[WHAT THE TASK ASKS]
The records that follow need to be printed exactly. Leave out each image.

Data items
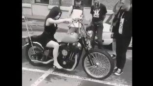 Μια γυναίκα θέλει να τραβήξει μια φωτογραφία πάνω σε μια μοτοσικλέτα Chopper. Όμως κατά λάθος θα πατήσει το πεντάλ των ταχυτήτων με το πόδι της και η μοτοσικλέτα θα ξεκινήσει…
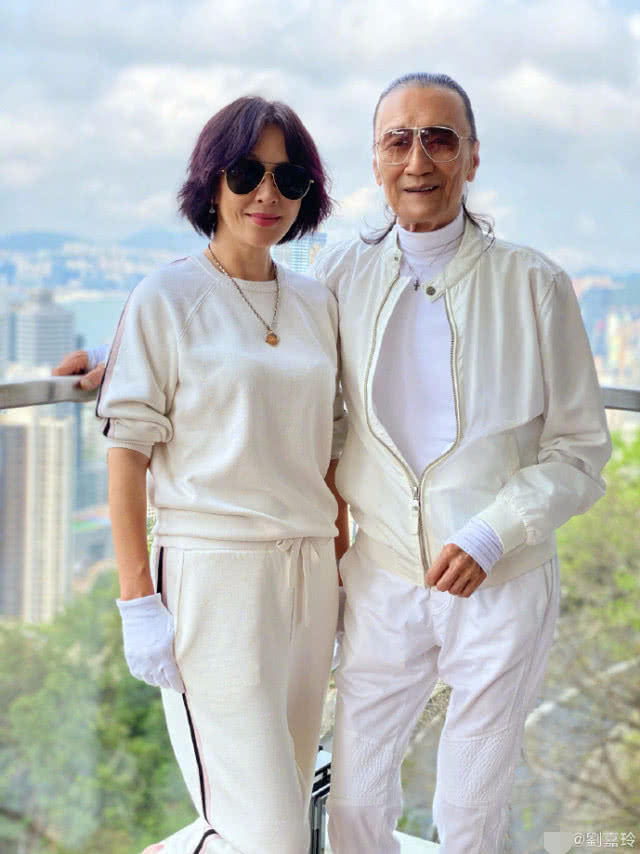 照片中,刘嘉玲和谢贤都是身穿一身白色运动套装,戴着墨镜,酷炫十足。刘嘉玲女神风采依旧,面带笑容,看上去心情很好。
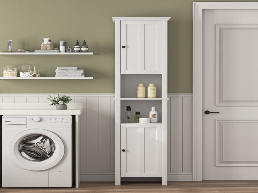 Freestanding Multifunctional Cabinet: Bathroom linen cabinet size: 15.75W*11.8D*67H, compared to the bulky size of a spacious cabinet, choosing a tall and thin cabinet can make your room appear larger, flexible, and convenient, making it more roles in the family. A narrow storage cabinet could as a living room cabinet for personalized customized space, a laundry cabinet for cleaning products a kitchen cabinet storage place for dishes and seasoning.
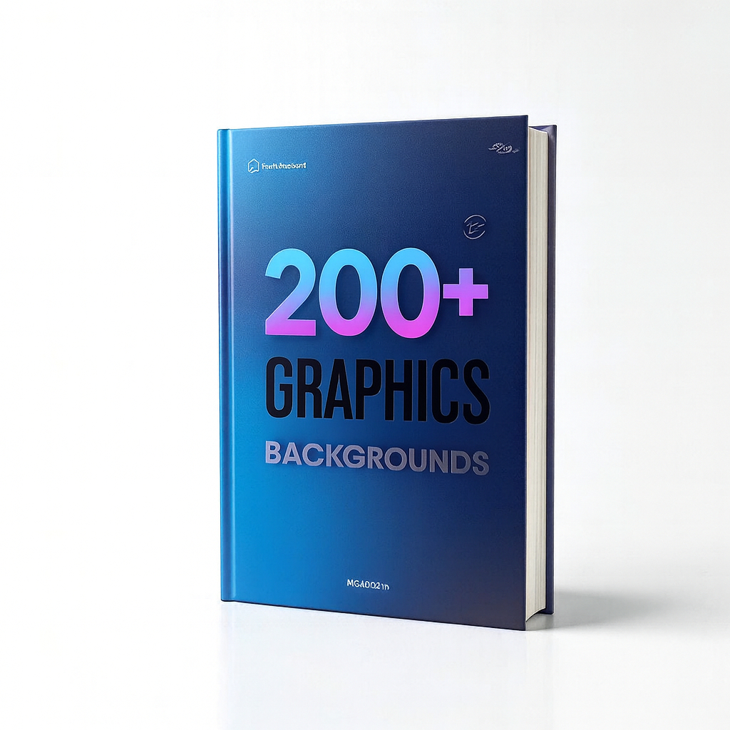 This is a curated collection of over 200 high-quality background graphics for designers, marketers, and creators. This hardcover companion showcases the variety and versatility of the pack with a clean, modern cover design. Inside you’ll find vibrant gradients, subtle textures, geometric patterns, abstract compositions, and versatile photo-backed scenes—each asset optimized for web, social media, presentations, and print mockups.
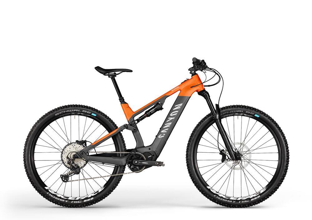 Ma il vero obiettivo dei progettisti di Canyon è stato quello di aumentare la guidabilità della Neuron: a tale scopo il baricentro è stato abbassato e il triangolo anteriore irrobustito. Sul telaio in alluminio sono montati una forcella con escursione da 130 mm e il collaudatissimo motore elettrico Shimano E8000 alimentato da una batteria da 504 Wh.
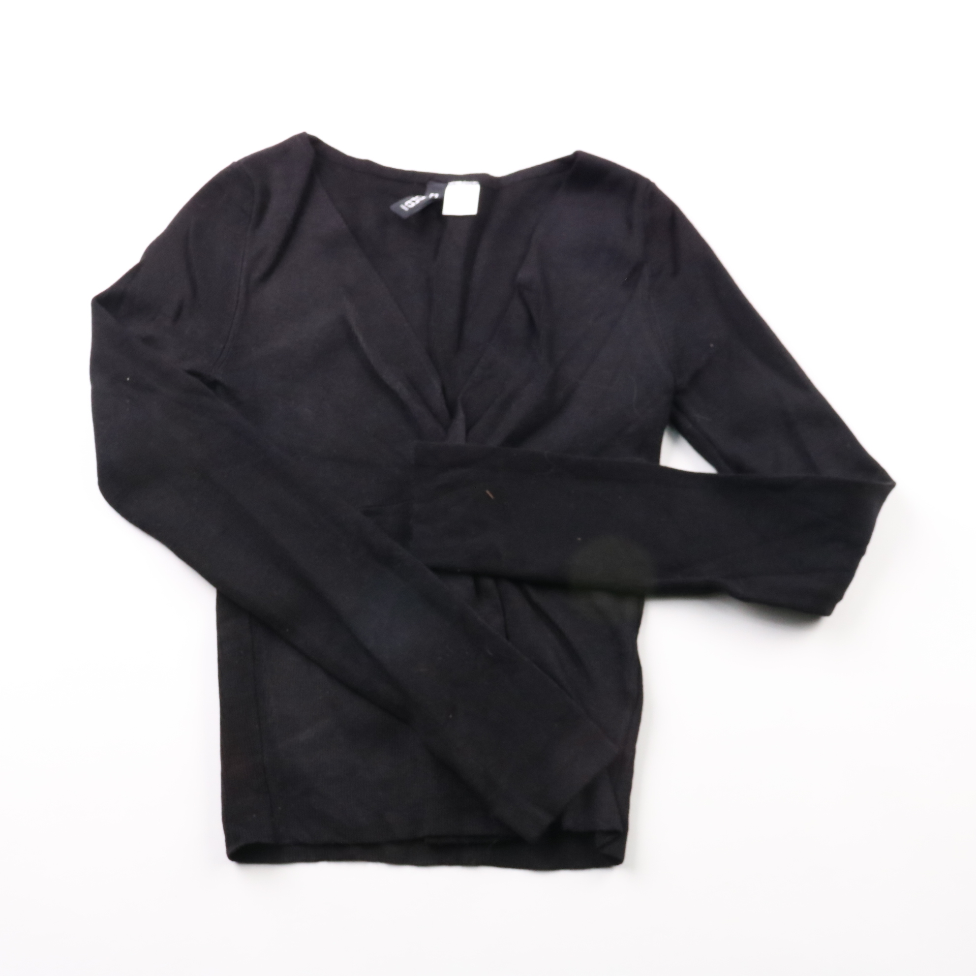 Женская чёрная блузка H&M с V-образным вырезом и длинными рукавами, лаконичная и аккуратно садится по фигуре. Подойдёт для офиса, учебы и выходов, легко сочетается с брюками и юбками. Практичный цвет и трикотажная ткань удобны в носке и не требуют слож...
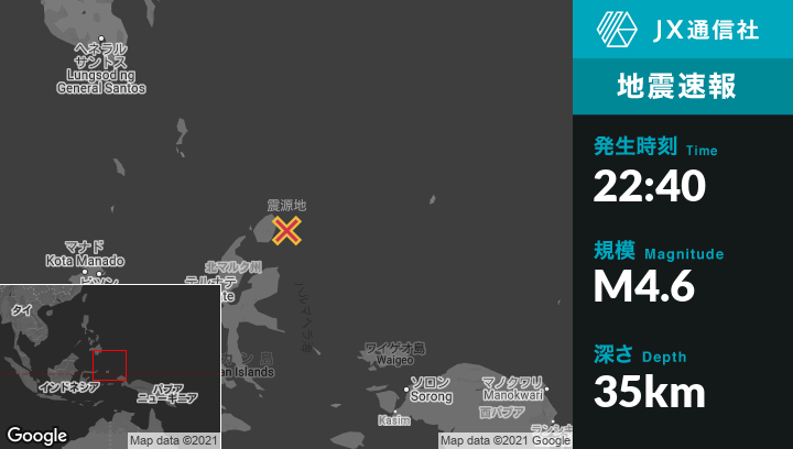 | 震源地 | インドネシアのTobeloから北東121kmの地点 |
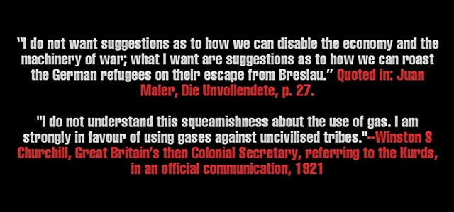 And we expose CHURCHILL, IKE and the like, who engineered the destruction of Germany once and for all, and I expose as well, his well-documented ‘talents’ at ‘asphyxiating these uncivilized tribes, using gasses’…
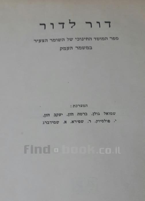 דור לדור ספר המוסד החינוכי של השומר הצעיר במשמר העמקשמואל גולן ברטה חזן יעקב חזן ח.פולסיוק ר.שפיראבא.שמידברג
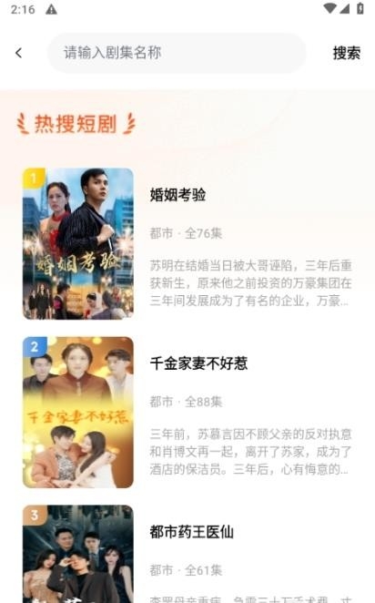 3.搜索与收藏功能:支持一键搜索功能,可通过剧名.主演.标签等多条件快速定位想看的短剧;还能自动记录观看进度,方便用户收藏喜欢的短剧并随时回看。

[TASK RESULT]
 Μια γυναίκα θέλει να τραβήξει μια φωτογραφία πάνω σε μια μοτοσικλέτα Chopper. Όμως κατά λάθος θα πατήσει το πεντάλ των ταχυτήτων με το πόδι της και η μοτοσικλέτα θα ξεκινήσει…
 照片中,刘嘉玲和谢贤都是身穿一身白色运动套装,戴着墨镜,酷炫十足。刘嘉玲女神风采依旧,面带笑容,看上去心情很好。
 Freestanding Multifunctional Cabinet: Bathroom linen cabinet size: 15.75W*11.8D*67H, compared to the bulky size of a spacious cabinet, choosing a tall and thin cabinet can make your room appear larger, flexible, and convenient, making it more roles in the family. A narrow storage cabinet could as a living room cabinet for personalized customized space, a laundry cabinet for cleaning products a kitchen cabinet storage place for dishes and seasoning.
 This is a curated collection of over 200 high-quality background graphics for designers, marketers, and creators. This hardcover companion showcases the variety and versatility of the pack with a clean, modern cover design. Inside you’ll find vibrant gradients, subtle textures, geometric patterns, abstract compositions, and versatile photo-backed scenes—each asset optimized for web, social media, presentations, and print mockups.
 Ma il vero obiettivo dei progettisti di Canyon è stato quello di aumentare la guidabilità della Neuron: a tale scopo il baricentro è stato abbassato e il triangolo anteriore irrobustito. Sul telaio in alluminio sono montati una forcella con escursione da 130 mm e il collaudatissimo motore elettrico Shimano E8000 alimentato da una batteria da 504 Wh.
 Женская чёрная блузка H&M с V-образным вырезом и длинными рукавами, лаконичная и аккуратно садится по фигуре. Подойдёт для офиса, учебы и выходов, легко сочетается с брюками и юбками. Практичный цвет и трикотажная ткань удобны в носке и не требуют слож...
 | 震源地 | インドネシアのTobeloから北東121kmの地点 |
 And we expose CHURCHILL, IKE and the like, who engineered the destruction of Germany once and for all, and I expose as well, his well-documented ‘talents’ at ‘asphyxiating these uncivilized tribes, using gasses’…
 דור לדור ספר המוסד החינוכי של השומר הצעיר במשמר העמקשמואל גולן ברטה חזן יעקב חזן ח.פולסיוק ר.שפיראבא.שמידברג
 3.搜索与收藏功能:支持一键搜索功能,可通过剧名.主演.标签等多条件快速定位想看的短剧;还能自动记录观看进度,方便用户收藏喜欢的短剧并随时回看。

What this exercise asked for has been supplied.